Inexistantes depuis 1973 pour les législatives, les quadrangulaires (quatre qualifiés pour le second tour), se sont produites de temps à autre pour des élections municipales ou départementales. Il y eut même une sexangulaire (six qualifiés !) pour le cas de la municipale de Taiarapu-Est Faaone (Tahiti) en 2014. Le candidat arrivé en tête n’avait ainsi que 82 voix d’avance sur le sixième qualifié. On pourrait même théoriquement concevoir la possibilité d’une octangulaire pour désigner un second tour avec 8 candidats, dans l’éventualité que la participation est de 100% et que chaque candidat recueille très exactement 12,5% des voix, ce qui, on en conviendra, est matériellement impossible.

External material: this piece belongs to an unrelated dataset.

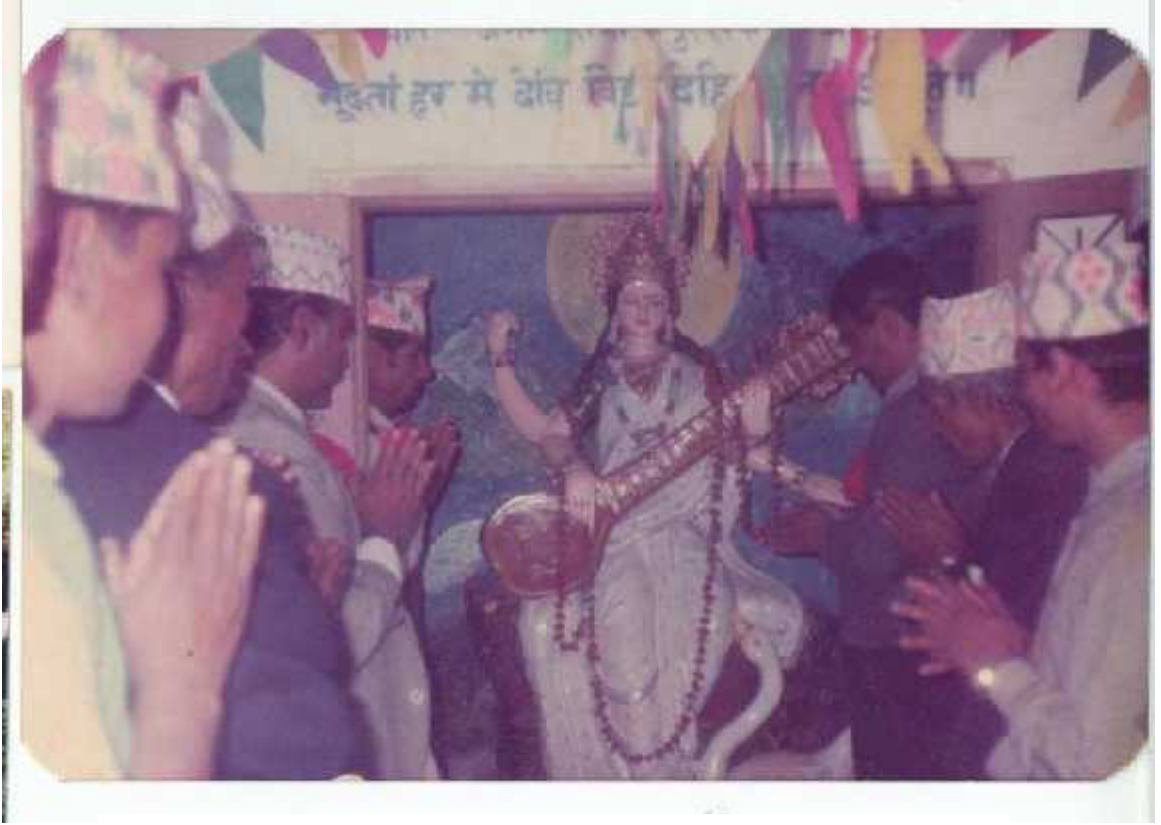
सरस्वतीको प्रतिमा अनावरण गर्दै कँडेल (नारायणी विद्या मन्दिर उच्च माध्यमिक विद्यालय)

Quelles conséquences pour le second tour ?

En cas de triangulaire, des retraits peuvent avoir lieu, si par exemple l’un des concurrents estime qu’il ou elle n’a aucune chance de l’emporter au regard des reports de voix. Mais ce qui retient le plus l’attention dans les situations politiques passées, ce sont les désistements en faveur du “front républicain”, ce qui fait que le candidat le plus mal placé se désiste pour éviter une dispersion des voix et l’élection d’un candidat ou d’une candidate d’extrême droite. 

C’est ainsi que, lors de l’élection législative de 2012, seulement 34 élections triangulaires se sont effectivement tenues au second tour, alors qu’elles étaient possibles dans 46 cas. 8 candidats se sont donc retirés au profit d’un autre, le plus souvent pour faire barrage au FN. À l’issue du premier tour de dimanche dernier, les cas de triangulaires dans certaines circonscriptions font ainsi l’actualité, notamment dans le département du Lot-et-Garonne : certains se désistent, comme la candidate Nupes Maryse Combres, d’autres se maintiennent, comme le député LREM sortant Alexandre Freschi, auquel le parti a retiré l’investiture.

Aujourd’hui, ces mécanismes sont purement marginaux au regard des résultats en termes de sièges concernés. De plus, la recomposition du paysage politique est telle que le passé ne peut servir de référence. En effet, pour la deuxième fois depuis 2017, le deuxième tour de l’élection présidentielle a vu s’affronter un Président soutenu par une majorité d’idéologie et de provenance politique hétéroclites et une candidate du Rassemblement National qui n’a cessé de progresser dans les urnes depuis la première candidature du parti en 1974. Aussi, le “faire barrage à …”  a commencé à perdre son sens dans un contexte où la qualification de l’extrême droite à des second tours d’élections n’est presque plus exceptionnelle.